Instructions to follow:
Would you transcribe the entries below, beginning at the line with "and detailed stories." and ending after the line with "画像をクリックするとPDFが開きます。ぜひご覧ください。 【P1・P4】 【P2・P3】", exactly, with no picture and nothing more?

-------- Provided records

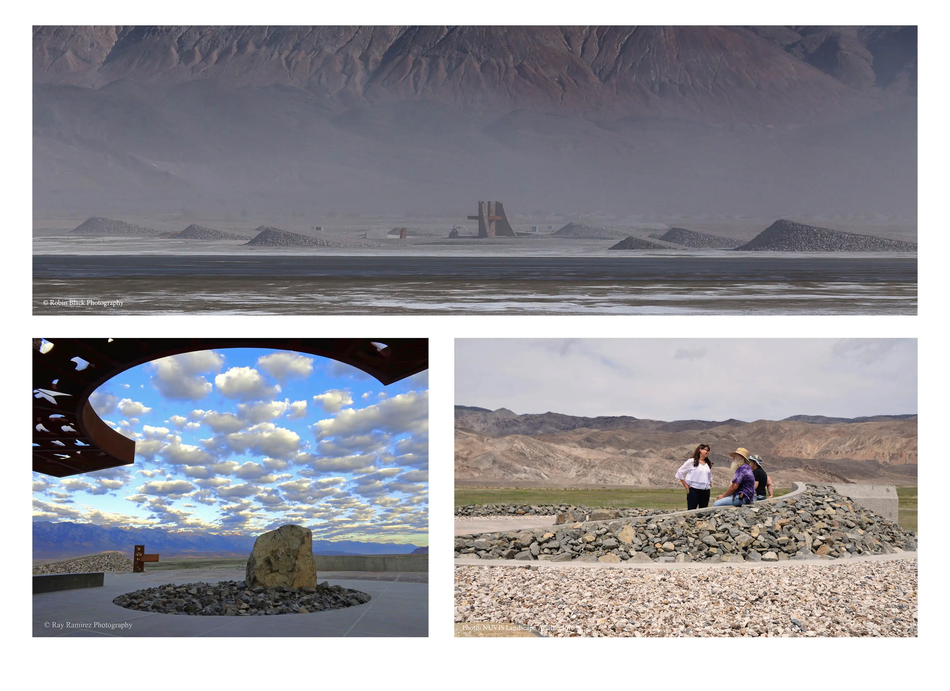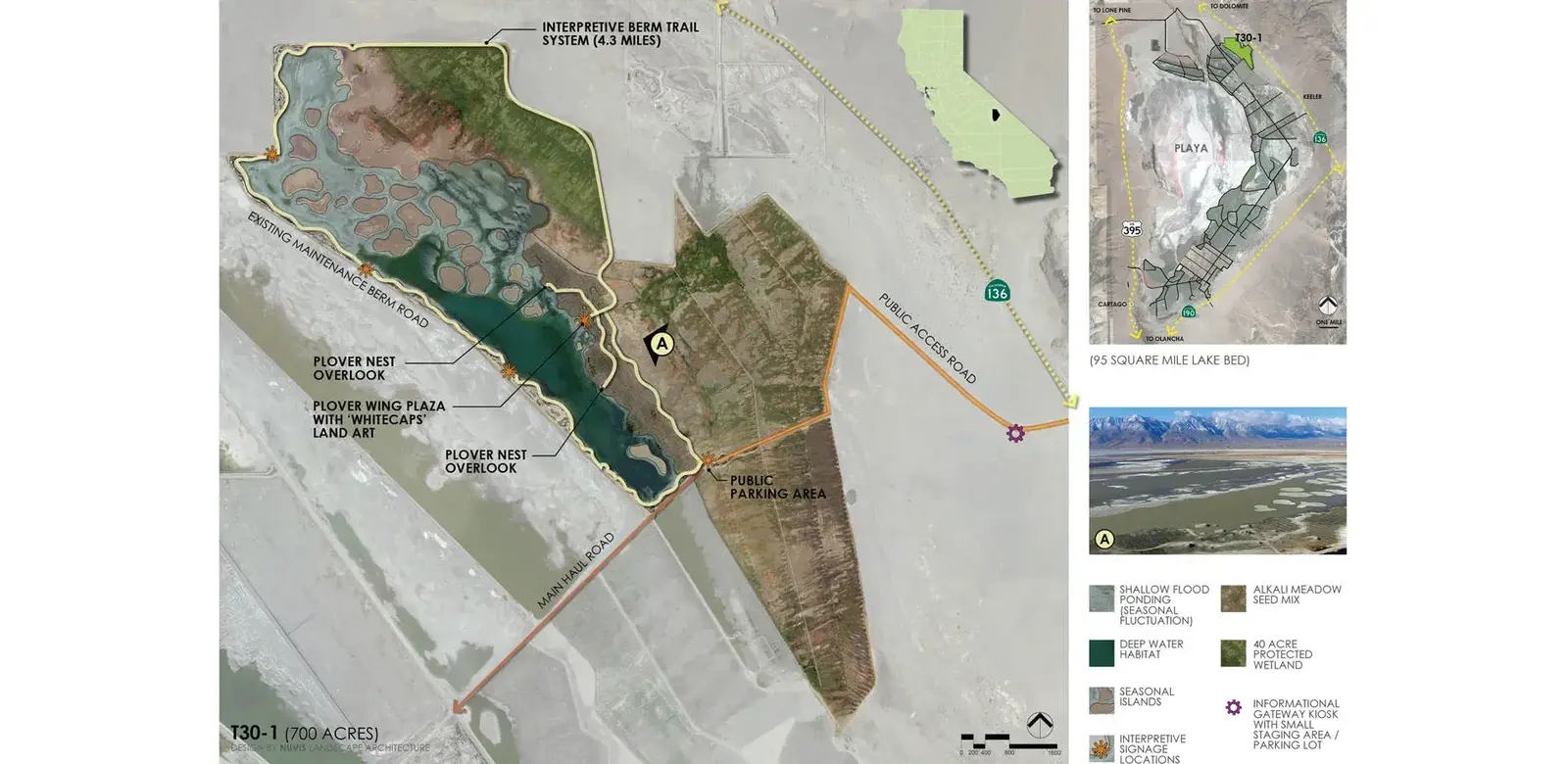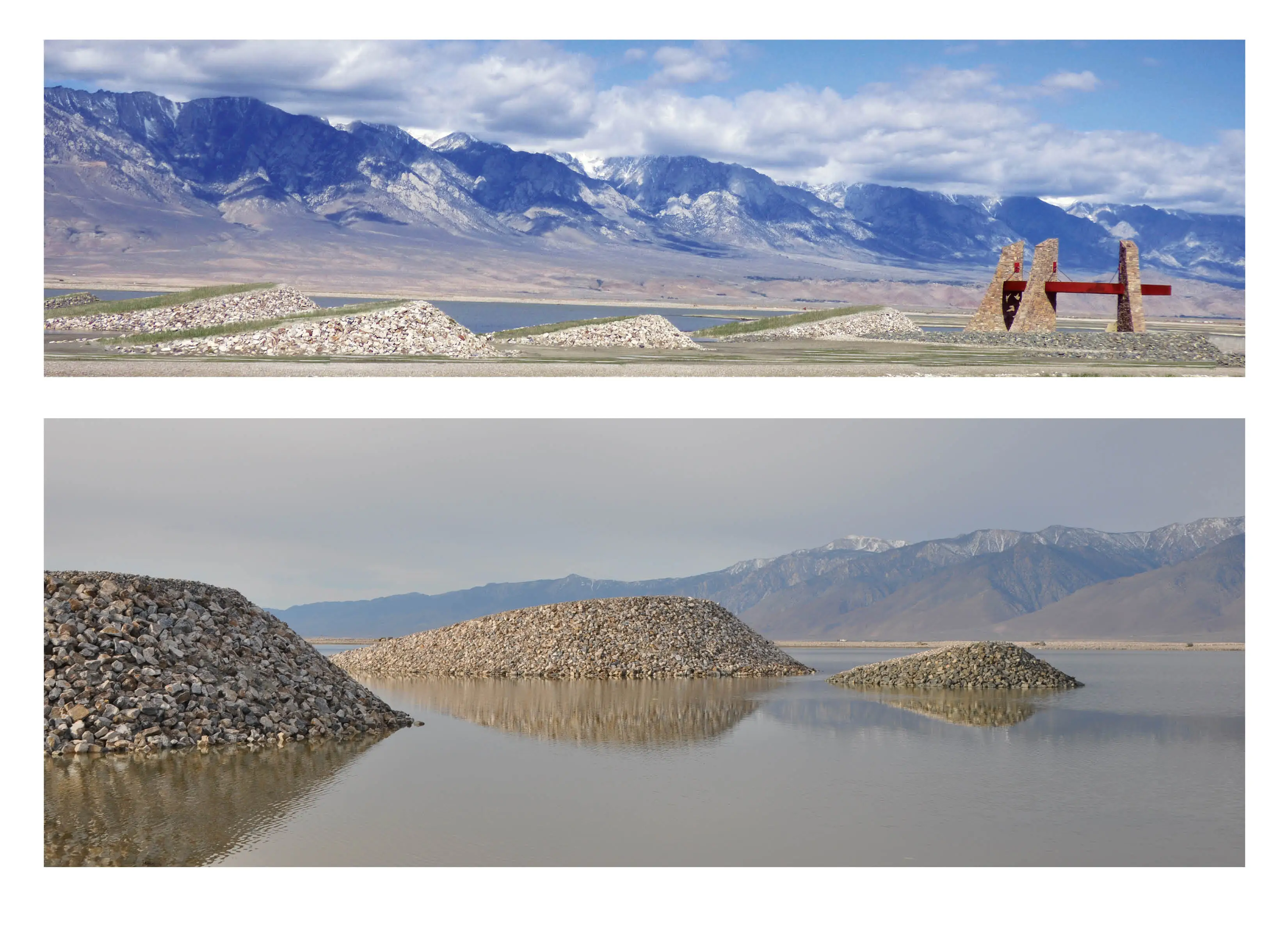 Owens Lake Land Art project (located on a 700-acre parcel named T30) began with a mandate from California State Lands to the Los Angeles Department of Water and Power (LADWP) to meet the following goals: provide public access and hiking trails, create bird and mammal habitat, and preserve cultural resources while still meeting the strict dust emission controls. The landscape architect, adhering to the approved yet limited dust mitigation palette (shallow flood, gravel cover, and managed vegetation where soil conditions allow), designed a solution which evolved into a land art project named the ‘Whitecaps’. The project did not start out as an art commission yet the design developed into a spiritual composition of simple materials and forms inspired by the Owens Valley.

----------------
-------- Provided records

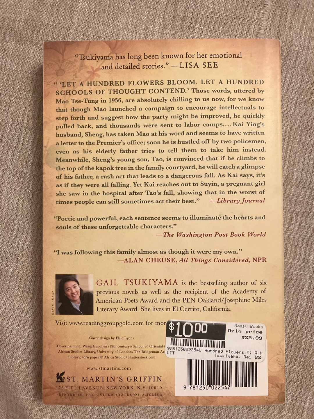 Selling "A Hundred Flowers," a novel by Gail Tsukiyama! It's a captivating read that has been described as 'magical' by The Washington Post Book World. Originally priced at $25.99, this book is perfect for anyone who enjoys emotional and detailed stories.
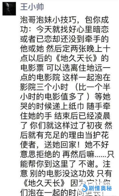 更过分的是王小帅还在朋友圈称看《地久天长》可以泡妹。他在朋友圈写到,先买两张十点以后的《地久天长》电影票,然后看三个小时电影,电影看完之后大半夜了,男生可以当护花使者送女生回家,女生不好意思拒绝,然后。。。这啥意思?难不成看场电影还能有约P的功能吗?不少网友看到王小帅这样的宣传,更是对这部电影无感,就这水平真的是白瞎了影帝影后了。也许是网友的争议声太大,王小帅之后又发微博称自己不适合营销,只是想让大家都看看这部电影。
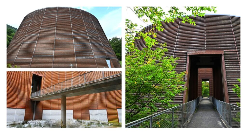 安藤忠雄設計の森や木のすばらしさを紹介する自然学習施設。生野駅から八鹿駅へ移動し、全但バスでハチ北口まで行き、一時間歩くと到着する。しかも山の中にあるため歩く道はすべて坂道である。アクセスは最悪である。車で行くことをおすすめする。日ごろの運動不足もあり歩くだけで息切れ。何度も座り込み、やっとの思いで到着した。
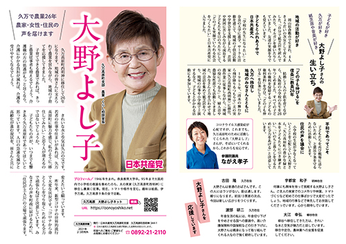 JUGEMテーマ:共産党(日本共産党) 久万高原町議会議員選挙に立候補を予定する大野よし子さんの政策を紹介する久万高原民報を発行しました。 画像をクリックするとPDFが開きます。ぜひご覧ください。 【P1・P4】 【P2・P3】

----------------

Solution for this exercise:
 Selling "A Hundred Flowers," a novel by Gail Tsukiyama! It's a captivating read that has been described as 'magical' by The Washington Post Book World. Originally priced at $25.99, this book is perfect for anyone who enjoys emotional and detailed stories.
 更过分的是王小帅还在朋友圈称看《地久天长》可以泡妹。他在朋友圈写到,先买两张十点以后的《地久天长》电影票,然后看三个小时电影,电影看完之后大半夜了,男生可以当护花使者送女生回家,女生不好意思拒绝,然后。。。这啥意思?难不成看场电影还能有约P的功能吗?不少网友看到王小帅这样的宣传,更是对这部电影无感,就这水平真的是白瞎了影帝影后了。也许是网友的争议声太大,王小帅之后又发微博称自己不适合营销,只是想让大家都看看这部电影。
 安藤忠雄設計の森や木のすばらしさを紹介する自然学習施設。生野駅から八鹿駅へ移動し、全但バスでハチ北口まで行き、一時間歩くと到着する。しかも山の中にあるため歩く道はすべて坂道である。アクセスは最悪である。車で行くことをおすすめする。日ごろの運動不足もあり歩くだけで息切れ。何度も座り込み、やっとの思いで到着した。
 JUGEMテーマ:共産党(日本共産党) 久万高原町議会議員選挙に立候補を予定する大野よし子さんの政策を紹介する久万高原民報を発行しました。 画像をクリックするとPDFが開きます。ぜひご覧ください。 【P1・P4】 【P2・P3】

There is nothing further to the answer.